Но главное, Равелю абсолютно ясно: каково бы ни было графическое решение подписи, ее исполнение должно было занять черт знает сколько времени. Поэтому сам он ограничивается скупым похвальным отзывом, который пишет своим крупным нервным почерком с остроконечными буквами, идеально разборчиво начертав внизу свое имя и фамилию, даже не сопроводив их росчерком, а всего лишь украсив заглавные буквы удлиненными вертикальными штрихами.
После ухода капитана Равель пользуется тем, что у него в руке перо, и пишет своим друзьям несколько коротких писем вполне банального содержания, не слишком утомляя себя изысками. В одном из них, адресованном супругам Делаж, он сообщает, что отнюдь не перетрудился, путешествуя в своей каюте люкс. В другом, предназначенном Ролану-Манюэлю, высказывает мысль, что нет ничего приятнее морского путешествия в такое время года. Далее маленькое письмецо к Элен и последнее — брату Эдуару; ну вот, с корреспонденцией, слава богу, покончено. Он еще раз переодевается, затем раскладывает свои послания по конвертам и относит их в справочную службу, где всю почту собирают и доставляют на берег гидросамолетом, взлетающим с кормовой палубы судна. Затем, поскольку путешествие близится к концу, следует озаботиться укладкой багажа и заполнением таможенных деклараций.

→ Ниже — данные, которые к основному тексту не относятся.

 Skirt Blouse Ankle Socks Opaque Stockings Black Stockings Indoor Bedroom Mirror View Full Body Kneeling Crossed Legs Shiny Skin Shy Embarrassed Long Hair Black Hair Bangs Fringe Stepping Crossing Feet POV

Ну а вечером, за ужином, начинается обычная в таких случаях церемония: обмен адресами, обещания дальнейших встреч, однообразные тосты. После чего пассажиры отправятся спать, и только некоторые из них предпочтут допоздна засидеться в баре, а на рассвете выйти на палубу, вдохнуть первые запахи американского континента и дождаться прибытия лоцмана в Эмброуз Лайт, вслед за чем им откроется вид на статую Свободы и судно пойдет вверх по Гудзону. Тем временем Равель, застигнутый бессонницей, только что закрыл перевод «Золотой стрелы», дважды или трижды перечитав последнюю фразу: «Но мог ли он, в самом деле, поступить иначе?!»
5
Утро 4 января, Нью-Йорк; комитет по встрече Равеля ждет его на пристани. В чистом небе висит ледяное солнце. Комитет составлен из делегатов различных музыкальных обществ, президентов ассоциаций, двух представителей муниципалитета, тучи фоторепортеров, размахивающих огромными вспышками, журналистов с блокнотами и засунутыми за шляпную ленту карточками аккредитации, карикатуристов и кинооператоров. Поначалу Равелю не удается с высоты мостика разглядеть знакомых в гуще толпы, но вскоре он замечает Шмитца, который исполнил десять лет назад его «Трио» — именно тогда его и познакомили с Элен, — замечательного Шмитца, главного организатора всего этого американского турне. А вон там, недалеко от Шмитца, стоит Болетт Натансон; он приветствует их обоих широкой улыбкой и взмахом руки, потом, не вытерпев, перегибается через борт и кричит: «Вот увидите, какие шикарные галстуки я с собой привез!»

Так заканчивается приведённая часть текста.